Вопрос о том, почему Портленд, проще, чем кажется: ни к Портленду, штат Орегон, ни к Портленду, штат Мэн, ни к австралийскому Портленду, штат Виктория, данный текст отношения не имеет. В первоначальном наброске был «Бристоль». Окуджавовская тайнопись всегда прозрачна: Портленд – родная земля, порт приписки, только и всего. Воротимся в порт, «нас примет Родина в объятья». Песня – как раз о побеге от Родины, о желании абстрагироваться от нее наконец; и в этом смысле она – важная веха на переломе от «Солдатской песни» к «Римской империи», от усталой боли за родную страну – к освобождению от всякой ответственности за нее.
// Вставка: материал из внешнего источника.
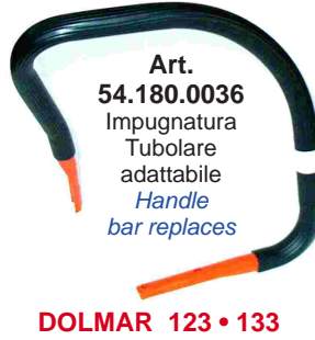
Art. 54.180.0036 Impugnatura Tubolare adattabile Handle bar replaces DOLMAR 123 • 133

Дальше окуджавовский солдат воюет отдельно – только за свой полк и личный двор.
Датировка песни – как почти всегда, проблема: первые наброски в черновом блокноте помечены апрелем 1982 года, первые исполнения отмечены осенью. «Портленд» соединялся в сознании первых слушателей с отъезжантами-невозвра-щенцами. О песне ходило множество слухов: например, что она посвящена памяти Галича (погибшего в 1977 году), написана на отъезд Войновича (1980), Владимова (1983), Неизвестного (1976), Гладилина (1976), что посвящена Виктору Некрасову (вынужденно уехавшему еще в 1974 году). В конце семидесятых Окуджава сочинил песенку-четверостишие, процитированную Аксеновым в романе «Остров Крым» (1978):
Интересная параллель – Бродский тоже любил мастерскую Мессерера, один из центров диссидентской, контркультурной и просто артистической Москвы, и тоже посвятил ему короткий стишок, и тоже зарифмовал фамилию – тут разница творческих методов особенно наглядна: «Когда я вспоминаю в США о милом Боре Мессерере – сжимается моя душа, как будто грешная душа при первых звуках Miserere»; у Бродского культурней, у Окуджавы веселей.